→ **TASK OBJECTIVE**: Lower down are entries containing pictures. Copy exactly, without those pictures, the lines from the line with "近日,四川省2019年省级抗" through the line with "When I invoke".

→ **SOURCE MATERIAL**:
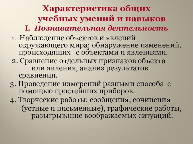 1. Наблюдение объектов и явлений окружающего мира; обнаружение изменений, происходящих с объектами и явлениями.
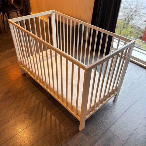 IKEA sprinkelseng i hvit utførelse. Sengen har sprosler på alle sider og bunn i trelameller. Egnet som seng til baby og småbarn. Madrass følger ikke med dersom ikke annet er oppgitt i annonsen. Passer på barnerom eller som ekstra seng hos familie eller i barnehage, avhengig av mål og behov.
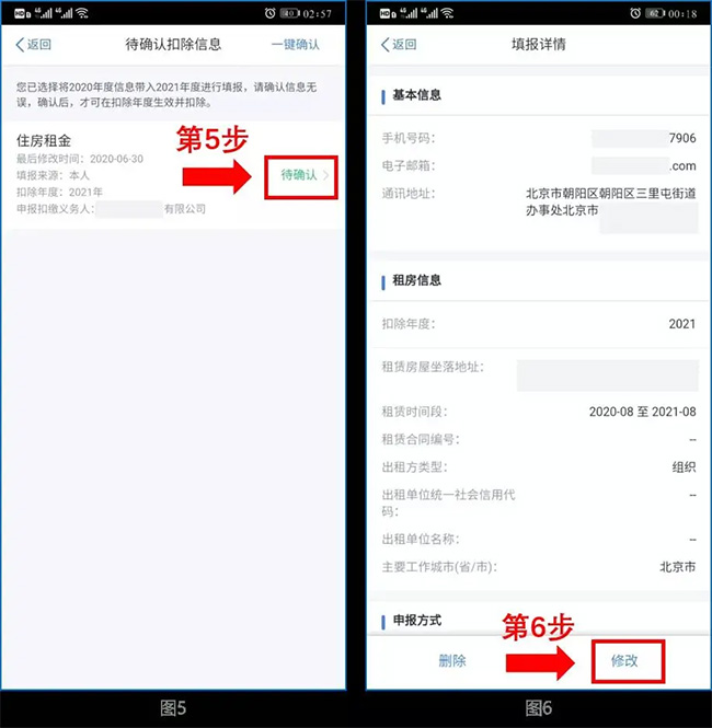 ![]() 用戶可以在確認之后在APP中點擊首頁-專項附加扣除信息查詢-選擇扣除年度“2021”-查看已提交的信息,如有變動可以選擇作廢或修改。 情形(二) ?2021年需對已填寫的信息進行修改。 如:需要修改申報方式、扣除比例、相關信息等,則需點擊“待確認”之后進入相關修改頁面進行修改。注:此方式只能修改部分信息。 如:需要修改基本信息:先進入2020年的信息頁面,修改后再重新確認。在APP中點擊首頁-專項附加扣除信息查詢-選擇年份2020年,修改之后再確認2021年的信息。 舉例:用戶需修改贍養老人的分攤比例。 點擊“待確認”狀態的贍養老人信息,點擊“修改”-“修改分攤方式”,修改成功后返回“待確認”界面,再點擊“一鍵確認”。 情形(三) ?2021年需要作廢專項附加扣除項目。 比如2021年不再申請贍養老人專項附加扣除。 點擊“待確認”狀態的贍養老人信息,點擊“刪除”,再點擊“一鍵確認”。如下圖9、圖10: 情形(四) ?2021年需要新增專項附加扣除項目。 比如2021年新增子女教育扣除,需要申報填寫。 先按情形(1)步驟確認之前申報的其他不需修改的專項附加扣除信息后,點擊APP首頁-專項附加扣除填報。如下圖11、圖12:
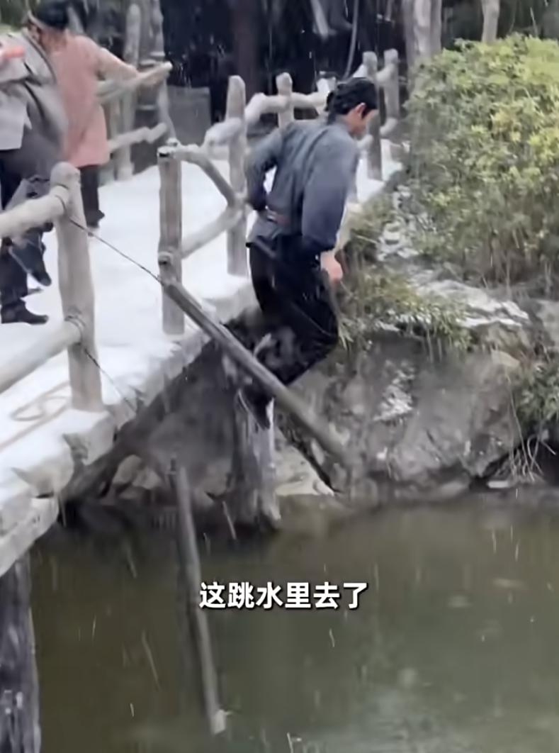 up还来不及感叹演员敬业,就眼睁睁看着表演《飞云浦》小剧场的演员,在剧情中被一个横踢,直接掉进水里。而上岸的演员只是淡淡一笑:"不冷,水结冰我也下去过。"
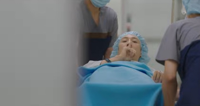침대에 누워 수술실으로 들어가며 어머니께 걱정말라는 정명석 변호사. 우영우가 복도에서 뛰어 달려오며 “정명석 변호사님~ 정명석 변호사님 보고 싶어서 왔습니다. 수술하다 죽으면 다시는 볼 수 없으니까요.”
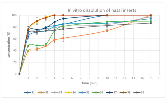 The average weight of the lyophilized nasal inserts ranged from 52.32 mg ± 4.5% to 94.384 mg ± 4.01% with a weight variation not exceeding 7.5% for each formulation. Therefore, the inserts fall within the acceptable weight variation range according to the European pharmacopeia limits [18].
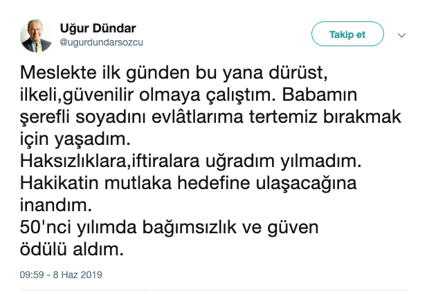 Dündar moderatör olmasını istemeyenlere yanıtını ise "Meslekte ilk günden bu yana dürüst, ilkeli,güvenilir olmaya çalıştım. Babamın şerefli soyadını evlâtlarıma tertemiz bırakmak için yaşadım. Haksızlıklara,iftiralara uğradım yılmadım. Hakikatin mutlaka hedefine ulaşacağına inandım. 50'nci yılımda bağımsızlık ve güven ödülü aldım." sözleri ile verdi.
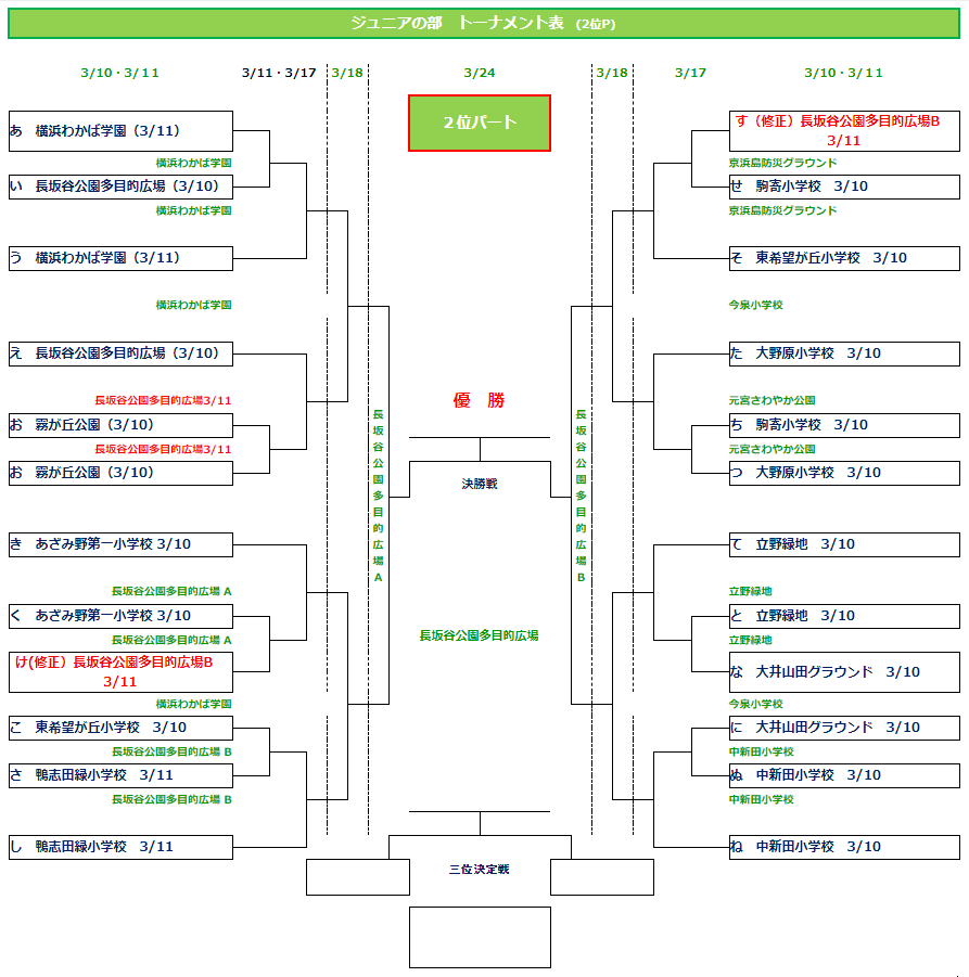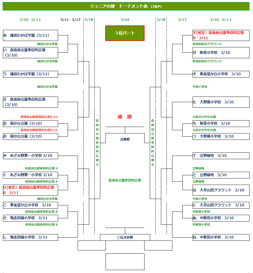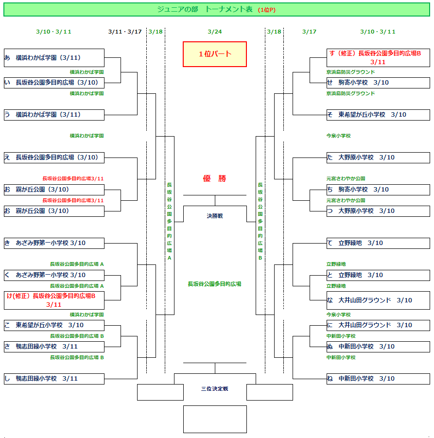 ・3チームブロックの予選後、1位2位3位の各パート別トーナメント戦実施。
...
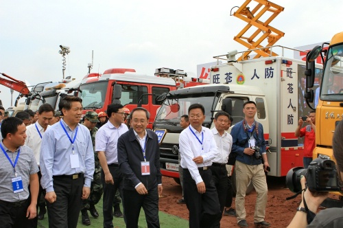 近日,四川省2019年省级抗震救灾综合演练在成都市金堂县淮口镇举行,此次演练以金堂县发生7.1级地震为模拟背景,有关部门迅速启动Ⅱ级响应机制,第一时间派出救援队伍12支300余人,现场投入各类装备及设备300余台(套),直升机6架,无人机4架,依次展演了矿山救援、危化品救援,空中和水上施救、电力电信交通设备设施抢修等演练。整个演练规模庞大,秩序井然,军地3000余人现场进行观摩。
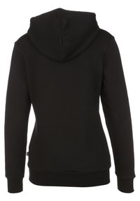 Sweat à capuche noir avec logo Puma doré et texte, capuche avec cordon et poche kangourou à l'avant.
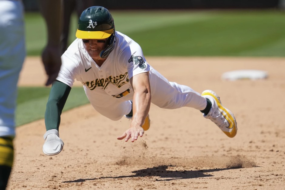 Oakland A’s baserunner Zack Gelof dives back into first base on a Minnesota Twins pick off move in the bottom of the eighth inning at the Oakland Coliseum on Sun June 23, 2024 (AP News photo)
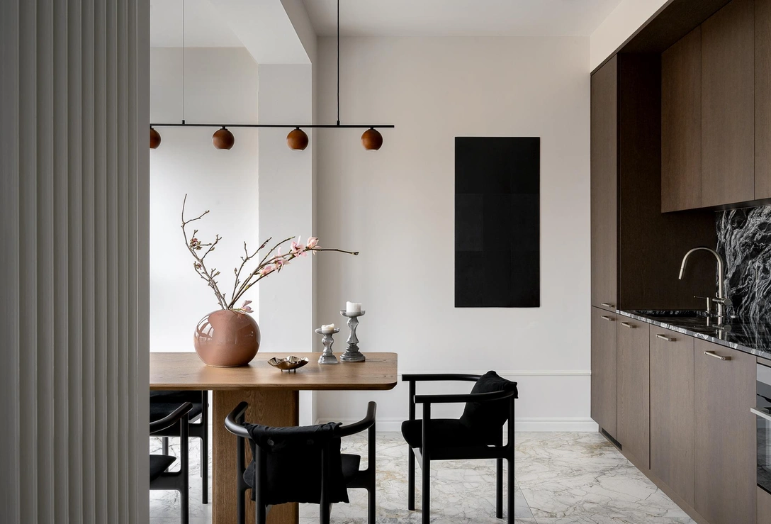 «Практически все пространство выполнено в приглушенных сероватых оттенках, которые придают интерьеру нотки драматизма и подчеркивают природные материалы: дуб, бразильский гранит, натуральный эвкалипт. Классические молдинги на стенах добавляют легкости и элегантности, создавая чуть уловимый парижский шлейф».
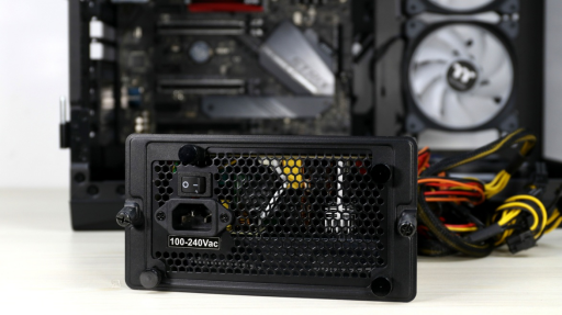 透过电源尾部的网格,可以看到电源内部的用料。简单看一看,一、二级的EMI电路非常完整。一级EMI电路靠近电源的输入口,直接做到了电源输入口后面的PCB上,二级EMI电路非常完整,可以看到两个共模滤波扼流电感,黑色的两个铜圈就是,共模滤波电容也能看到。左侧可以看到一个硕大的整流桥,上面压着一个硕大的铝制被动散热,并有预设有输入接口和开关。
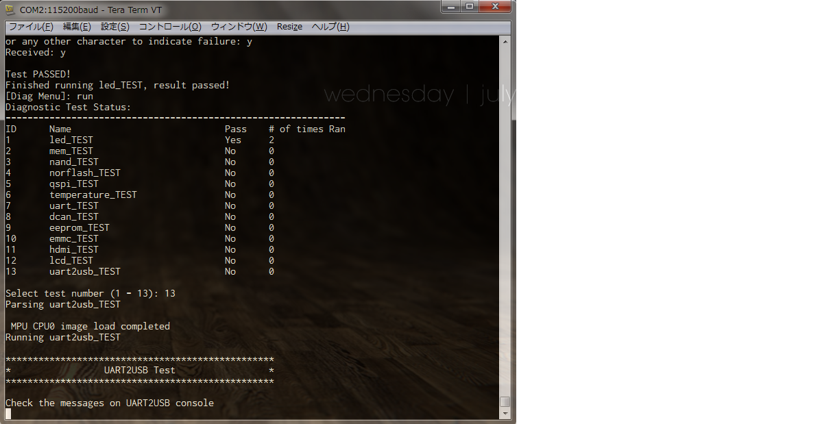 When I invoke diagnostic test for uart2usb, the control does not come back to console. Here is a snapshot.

→ **YOUR RESPONSE**:
 近日,四川省2019年省级抗震救灾综合演练在成都市金堂县淮口镇举行,此次演练以金堂县发生7.1级地震为模拟背景,有关部门迅速启动Ⅱ级响应机制,第一时间派出救援队伍12支300余人,现场投入各类装备及设备300余台(套),直升机6架,无人机4架,依次展演了矿山救援、危化品救援,空中和水上施救、电力电信交通设备设施抢修等演练。整个演练规模庞大,秩序井然,军地3000余人现场进行观摩。
 Sweat à capuche noir avec logo Puma doré et texte, capuche avec cordon et poche kangourou à l'avant.
 Oakland A’s baserunner Zack Gelof dives back into first base on a Minnesota Twins pick off move in the bottom of the eighth inning at the Oakland Coliseum on Sun June 23, 2024 (AP News photo)
 «Практически все пространство выполнено в приглушенных сероватых оттенках, которые придают интерьеру нотки драматизма и подчеркивают природные материалы: дуб, бразильский гранит, натуральный эвкалипт. Классические молдинги на стенах добавляют легкости и элегантности, создавая чуть уловимый парижский шлейф».
 透过电源尾部的网格,可以看到电源内部的用料。简单看一看,一、二级的EMI电路非常完整。一级EMI电路靠近电源的输入口,直接做到了电源输入口后面的PCB上,二级EMI电路非常完整,可以看到两个共模滤波扼流电感,黑色的两个铜圈就是,共模滤波电容也能看到。左侧可以看到一个硕大的整流桥,上面压着一个硕大的铝制被动散热,并有预设有输入接口和开关。
 When I invoke diagnostic test for uart2usb, the control does not come back to console. Here is a snapshot.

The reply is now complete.